Sans fioritures ni excès dramatiques, Ira Sachs compose ses deux personnages, dont les rythmes se rencontrent, pour ensuite se séparer, sans vraiment éclairer les enjeux internes au couple, ni même ce qui fait leur union. Il filme un quotidien sans réel relief, un drame courant (l'addiction à la drogue) et balaye ainsi neuf années de relation chaotique. L'émotion, étrangement absente, pointe son nez dans les dernières minutes, lorsque le choix décisif doit être fait: se remettre ensemble ou partir chacun de son côté.
Compétition
Just the wind
de Bence Fliegauf avec Lajos Sárkány, Katalin Toldi, Gyöngyi Lendvai, György Toldi...
Persécution
Drame social traité à la manière d'un thriller, « Just the wind » aborde le sujet difficile et hautement d'actualité de la persécution des populations Roms. Partant d'un fait divers datant de 2008-2009, lié aux meurtres de plusieurs familles par d'autres citoyens roumains, le réalisateur nous plonge au cœur de camps et de quartiers, où les familles s'organisent pour assurer une surveillance et où s'installe peu à peu un climat de méfiance à la limite de la paranoïa.
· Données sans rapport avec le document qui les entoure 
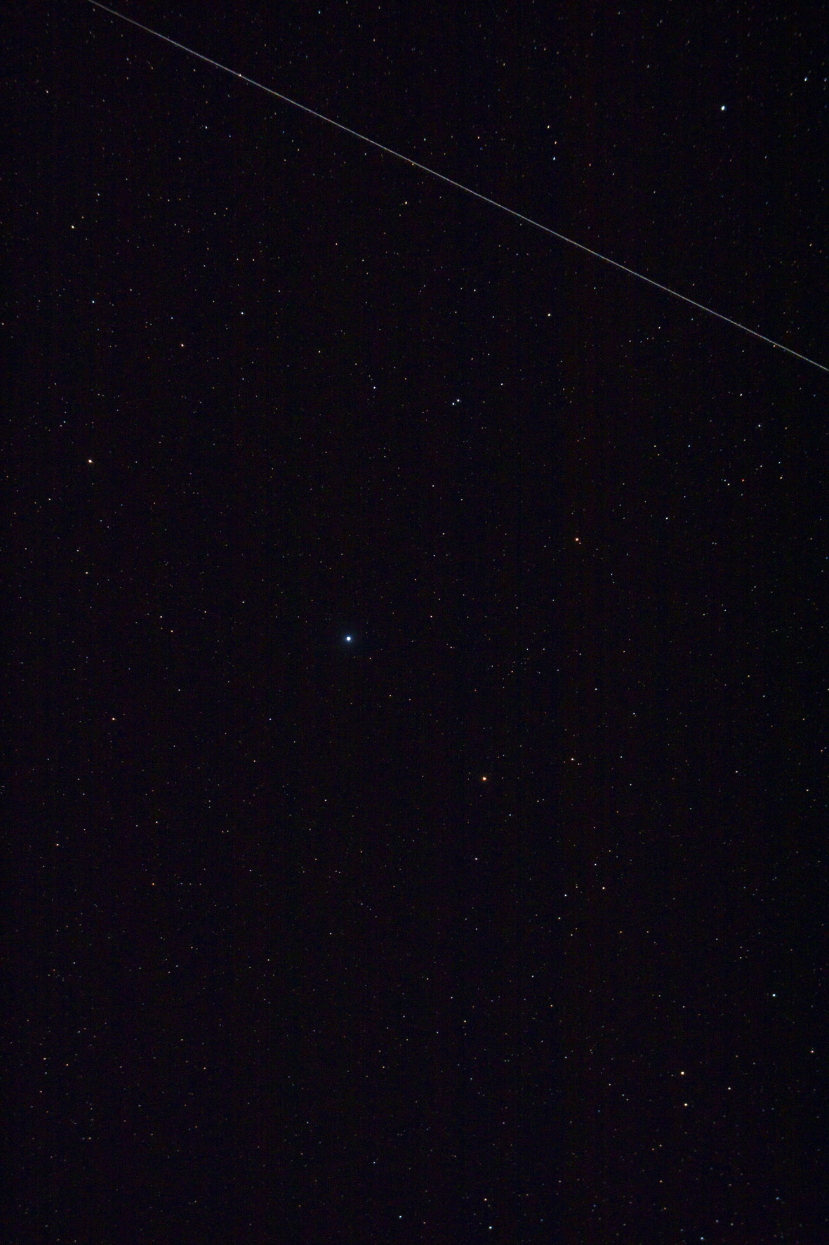 Sono molto pochi i transiti della Stazione Spaziale Cinese Tiangong osservabili dal Nord Italia a declinazioni elevate come in questo caso e magnitudini prossime allo zero. Questa immagine copre un campo di 3 gradi circa, centrata poco a destra della stella Theta Aquilae (mag.3,2) e mostra in alto la strisciata luminosa del satellite, che in quel preciso momento brillava di magnitudine 1,5 a oltre 500 km. dalla superficie terrestre. Il Nord è in alto.

Centrant le récit autour d'une famille censée rejoindre prochainement le père à Toronto, il oppose la précarité, la crasse des lieux quotidiens, la débrouille, le vol, à l'espoir d'une vie meilleure. Sans angélisme (le gamin vole ce qu'il peut...), il oppose aussi une réalité sociale et la perception d'un racisme ambiant, frôlant la persécution (à l'école, au travail...). Malheureusement, la tension initiale retombe progressivement, faute à un scénario tiré en longueur, le réalisateur éludant quasiment l'attaque finale, traitée hors champs ou dans l'obscurité la plus totale, en à peine 3mn. Dommage.
Compétition
Gnade
de Matthias Glasner avec Jürgen Vogel, Birgit Minichmayr, Henry Stange, Ane Dahl Torp, Maria Bock...
Quand la culpabilité revitalise le couple
Une famille allemande est installée depuis 9 mois en Norvège. En pleine nuit polaire, le 20 janvier, la femme, obligée de tenir un double service dans la maison de convalescence où elle travaille, heurte accidentellement quelque chose sur la route. Tous deux décident de ne rien dire, même une fois qu'il est avéré qu'il s'agissait d'une petite fille. L'engrenage est alors en place, destructeur, même pour les consciences les plus solides.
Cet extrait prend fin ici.